📄 parser.c
字号:
#include "parser.h"
/*
GLOBALS
*/
// NOTE:
// 'END' keyword or directive is used while searching keywords/directives into the array.
// See 'parse' function on identifier match for an example...
// language KEYWORDS
char *keywords[] = { "array", "as", "break", "case", "continue", "database", "default",
"else", "endforeach", "endif", "endswitch", "endwhile", "extern",
"foreach", "function", "global", "if", "is", "next", "parameter",
"return", "set", "switch", "transaction", "var", "while",
"END" };
// language DIRECTIVES
char *directives[] = { "#self", "#include", "#asp", "#/asp","#jsp", "#/jsp", "#php", "#/php",
"END" };
// language VALUES
char *values[] = { "true", "false",
"END" };
// used for push-back
// if this ptr not equals NULL, the parse() function will return this value...
lisa_node *pushback_node = NULL;
// initParser:
// Initialize the parser.
void initParser( void )
{
// empty pushback buffer...
if ( pushback_node != NULL )
{
destroyNodeR( pushback_node );
pushback_node = NULL;
}
}//initParser
// parse:
// Parse the input stream and return a node (token).
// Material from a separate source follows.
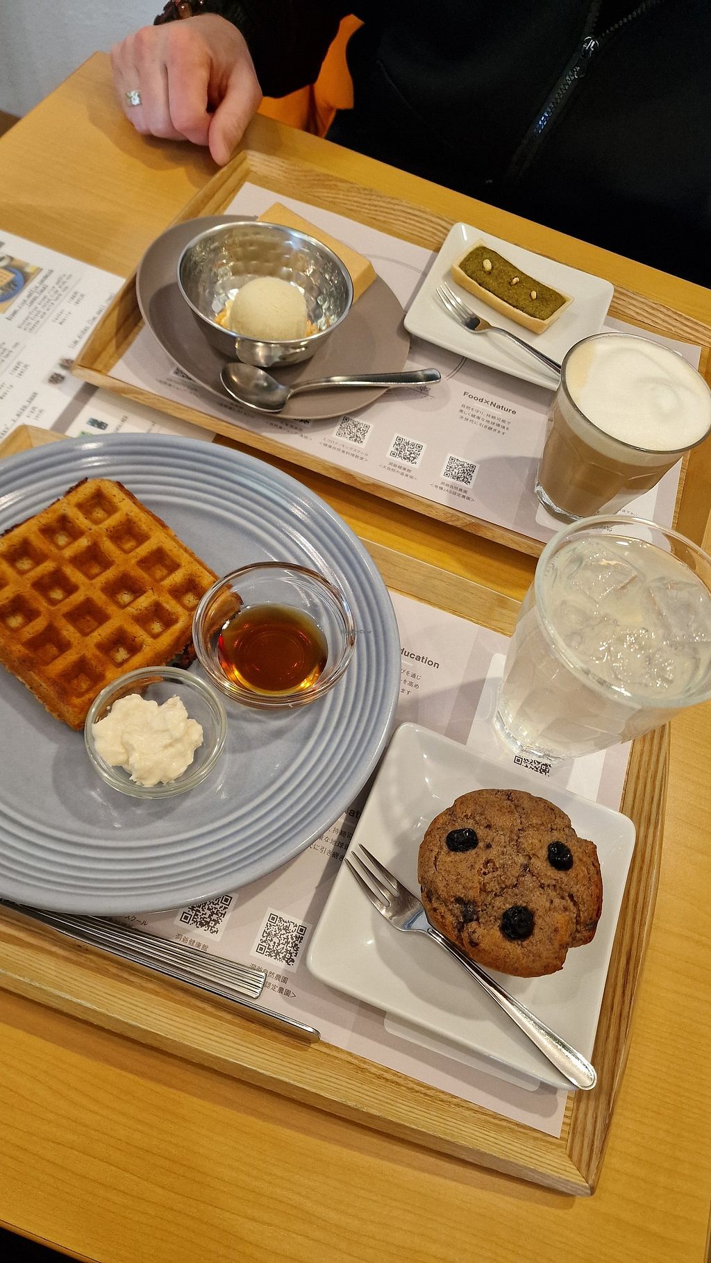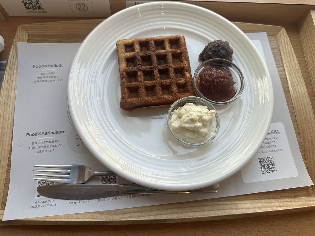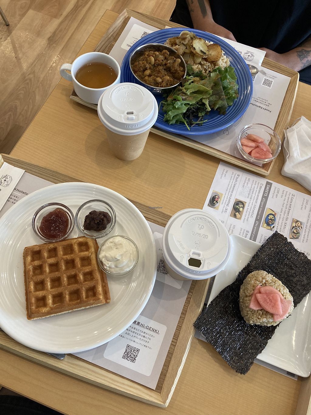 All vegan restaurant. I had the japanese lunch set with a waffle for dessert and my partner a waffle menu. The portions are small so I am glad I took a dessert.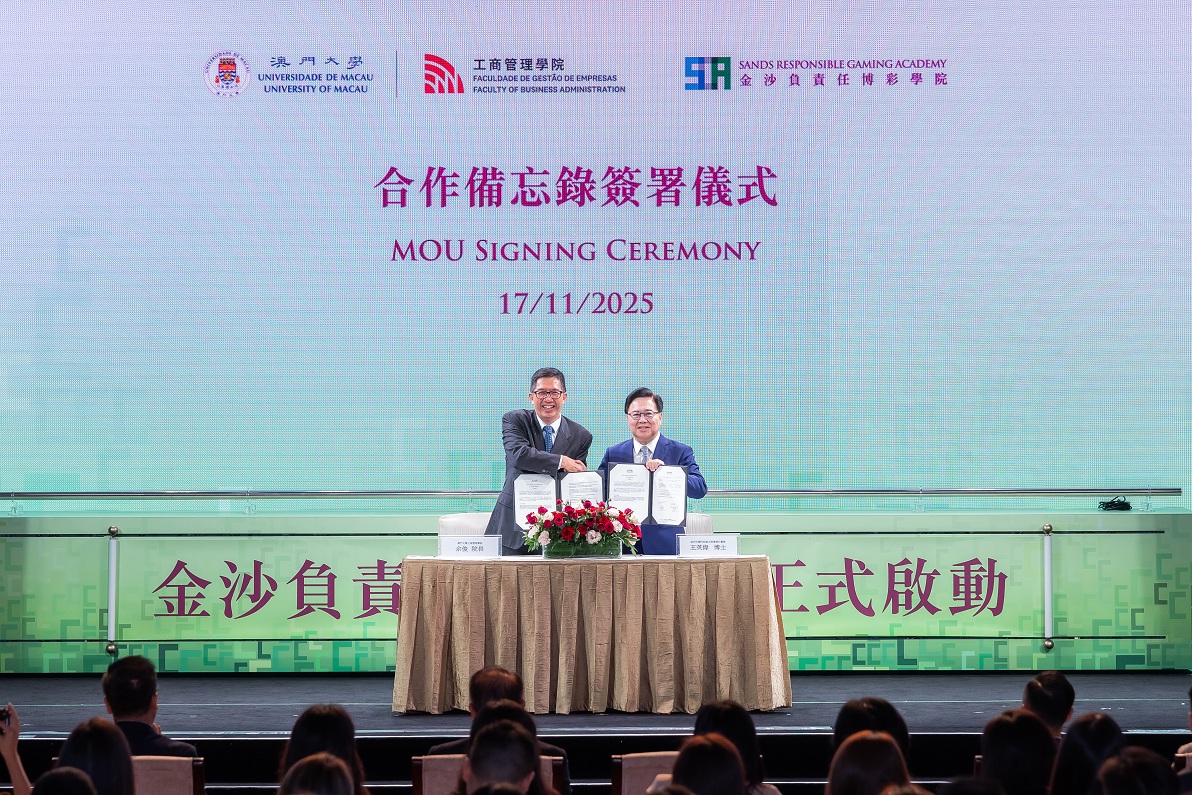 是次签署的合作备忘录进一步深化金沙中国有限公司与澳门大学的合作关係,内容旨在加强双方在负责任博彩领域的产学研合作,聚焦研究交流、人才培养以及本地化的负责任博彩实践等重点领域。双方将配合澳门特区政府的施政方针,共同加强澳门负责任博彩领域的专业教育,提升社会意识。

// On error (ie: EOF), return a empty node.
//
// The SYNTAX is: (pseudo-BNF)
//
// bracket ::= '(' | ')' | '[' | ']' | '{' | '}'
// directive ::= '#' (a..z) { (a..z) }
// identifier ::= (a..z) { (a..z) | '_' | (0..9) }
// number ::= (0..9) { (0..9) } [ '.' (0..9) { (0..9) } ]
// operator ::= '+' | '-' | '*' | '/' | '%' | '<' | '>' |
// '<=' | '>=' | '==' | '!=' | '!' | '&&' |
// '||' | '=' | '&' | '|' | ',' | '.'
// remark ::= ( '//' {anychar} EOL ) | ( '/*' {anychar} '*/' )
// colon ::= ':'
// semicolon ::= ';'
// string ::= '"' { (anychar~'"') | ('\'anychar) } '"'
lisa_node *parse( void )
{
lisa_node *node = NULL;
unsigned char ch;
// return the push-back node if exists...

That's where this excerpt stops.